18. The system of claim 17 , wherein the memory dump comprises information concerning data accessed by the malicious content suspect, an executable image of the malicious content suspect, and information concerning activities performed by the malicious content suspect during the execution of the malicious content suspect.

19. The system of claim 18 , wherein the memory dump further comprises information concerning content embedded within the malicious content suspect that is revealed only through the execution of the malicious content suspect.

20. The system of claim 17 , wherein the memory dump is generated by invoking a memory dump utility that is associated with an operating system hosting the sandboxed operating environment to capture information associated with the malicious content suspect from the memory.
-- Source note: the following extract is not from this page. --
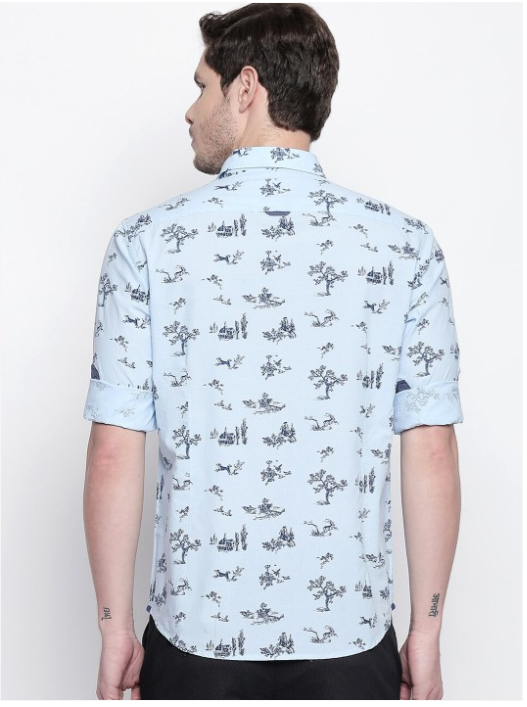 Blue conversational printed opaque Casual shirt ,has a spread collar, button placket, 1 patch pocket, long regular sleeves, curved hem

21. A system, comprising: a hardware processor; and a memory communicatively coupled to the hardware processor, the memory comprises one or more virtual machines and a controller that is part of a virtual machine monitor (VMM) and is in communications with the one or more virtual machines, wherein at least a first virtual machine of the one or more virtual machines comprises a monitoring module that includes logic to monitor behavior of a malicious content suspect executed within the first virtual machine that operates in accordance with an operating environment targeted by the malicious content suspect, and a memory dump module communicatively coupled to the monitoring module, the memory dump includes logic that, in response to detection of one or more predetermined events associated with the monitored behavior of the malicious content suspect, generates a memory dump of information associated with the malicious content suspect, wherein the controller of the VMM comprises a file extractor that includes logic that stores, within a storage device, a portion of data associated with the virtual machine including one or more of (i) contents of the memory dump and (ii) the one or more predetermined events in a directory accessible to the controller, and an analysis module communicatively coupled to the monitoring module and the memory dump module that analyzes the contents of the memory dump to determine whether the malicious content suspect should be declared as malicious based on a set of one or more rules.